Möhkö is the easternmost village in Finland. It is located on the Russian border, 25 km from the Ilomantsi centre. The distance to Joensuu city is approximately 90 kilometers. The word Möhkö comes from the Sámi word meaning river bend. Koitajoki returns from the Russian side to the Finnish side right by Möhkö. The most important rapids of Koitajoki are Anninkoski and Möhkönkoski which are located by the Möhkö village. Some kilometers after Möhkö (Finland’s easternmost village with a rich history of ironworks dating 1850s) the river widens, and gets a form of a beautiful lake by the name “Nuorajärvi”

Summer theatre by the River Koitajoki. Picture by: Lauri Jänis.


Möhkö ironworks

Möhkö ironworks was built on the shore of Möhkönkoski in the 1850s. Lake ore was lifted from the lakes, and iron was refined in Ruukki’s blast furnaces. Ruukki was a great employer in the 19th century; at its best, 2000 people were indirectly supported by Rautaruukki. Ruukki ceased operations in 1908, after which lumbering was practised. Today, the Möhkö Ironworks Museum operates in the area.

Möhkö’s uniqueness is found in its buildings, remnants of the ironworks and industrialisation, war history, and beautiful nature. The ruins of blast furnace, massive waterwheel, and unique channels that have been restored tell the stories of Möhkö ironworks. The exhibitions are located in ironworks mansion “Pytinki” and in “Ambari” shop building. Whilst at logging site café “Möhkön Manta” based in an old houseboat, visitors can experience the atmosphere of the logging ages.

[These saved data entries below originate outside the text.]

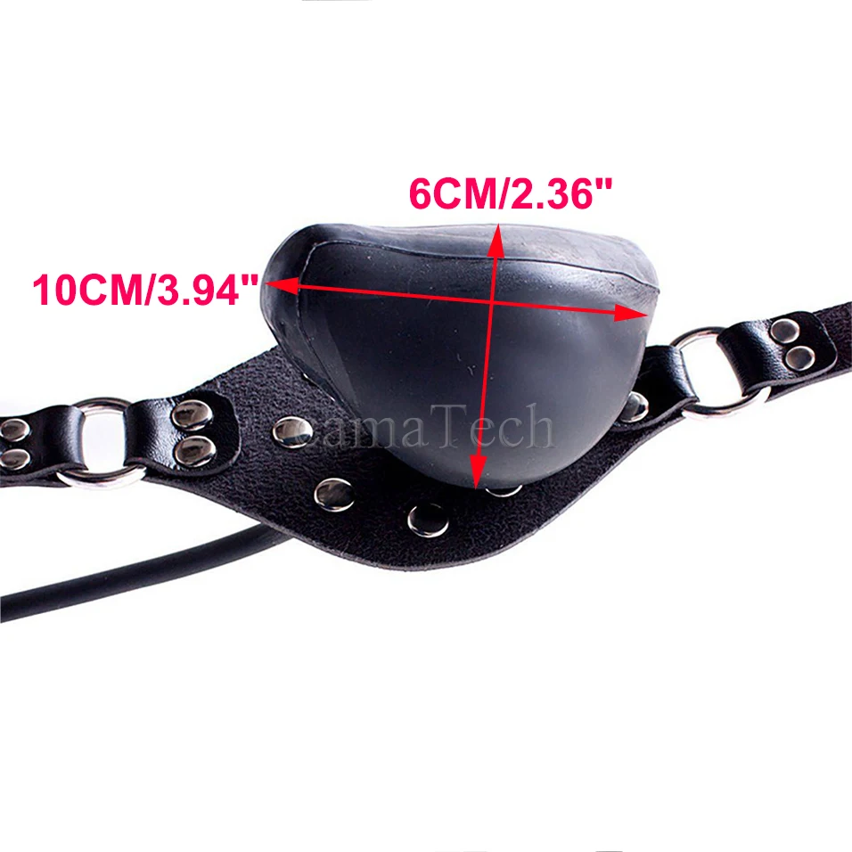 Limited camaTech Leather Latex Inflatable Ball Gag Harness Oral Fixation Mouth Stuffed Mask Hood For Couple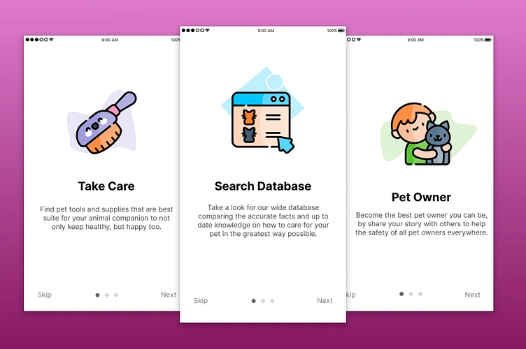 This week I worked on a simple onboarding screen setup for a pet app. A previous project I worked on back in university inspired me, and I felt like this would’ve been a fun addition. The icons I used are provided in the link below. Thanks for reading and any feedback is always appreciated!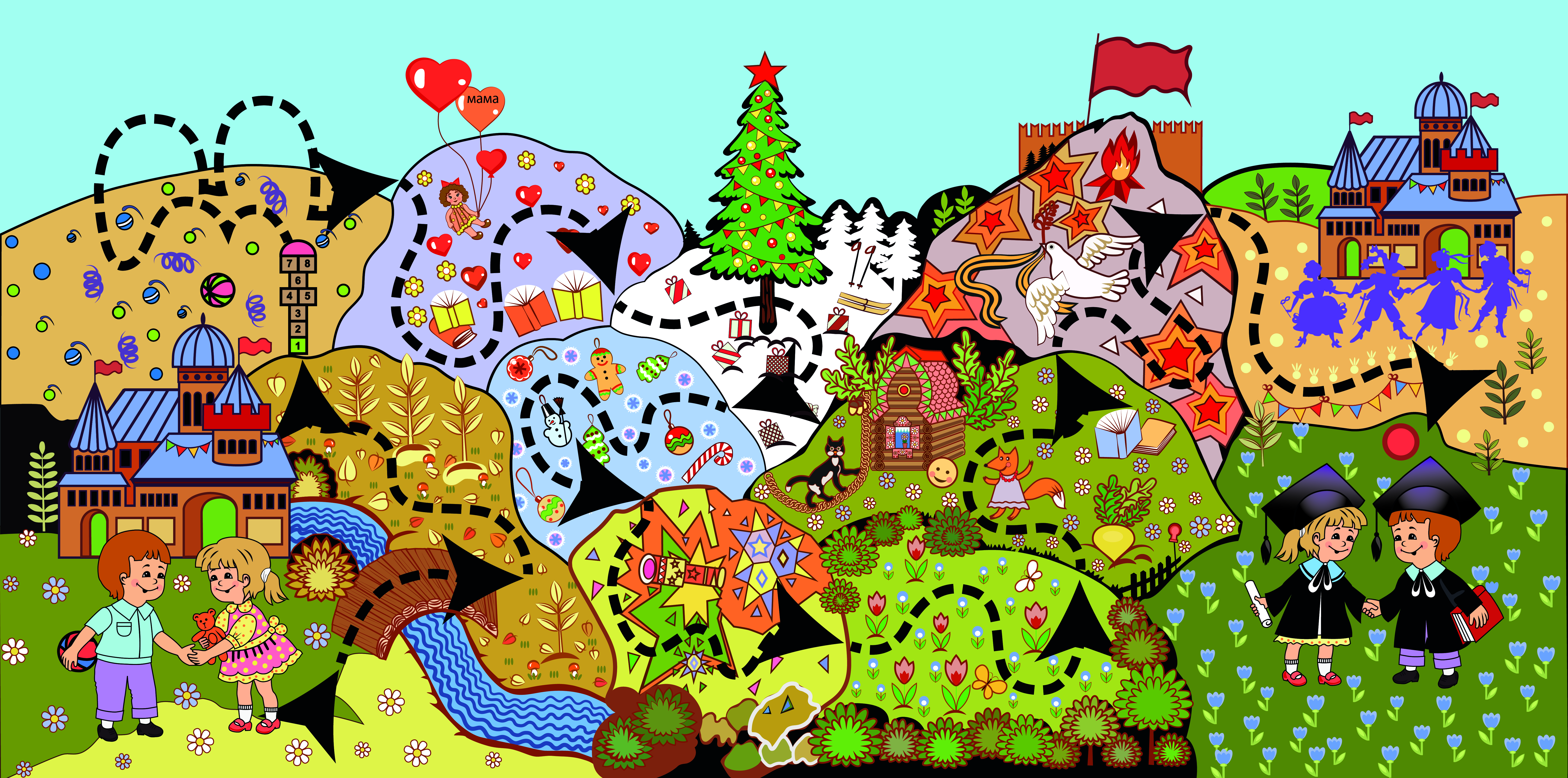 Многие дети, да и взрослые хорошо знакомы с настольными играми-бродилками. Бросаешь кубик и вперед, пока не дойдешь до финиша. От старта до финиша игрокам предстоит преодолеть различные препятствия, сделать остановки, выполнить задания. Именно этот принцип положен в разработанную нами игру-путешествие. Каждая остановка на игровом маршруте помогает открывать Академикам секреты волшебных сил, чтобы стать добрыми волшебниками.

If one feels for a short walk, lemmenpolku path offers a cultural path with tranquil experience. The path was constructed in the 1870s as a day-walking promenade by Ms. Amanda Hallberg. The over a hundred-year-old path starts from the yard of the ironworks mansion and leads to the surges of Möhkönkoski rapids.

Möhkö arboretum

Möhkö Arboretum is based on testing how various tree and plant species can coexist in the region. The theme is collection of trees grown by drafting domestic tree species. The most impressive collection in the park is the introduction of special forms of Finnish coniferous trees. So far, the eight hectares area on the Koitajoki peninsula has been planted with 600 trees or shrubs from a total of about 270 species.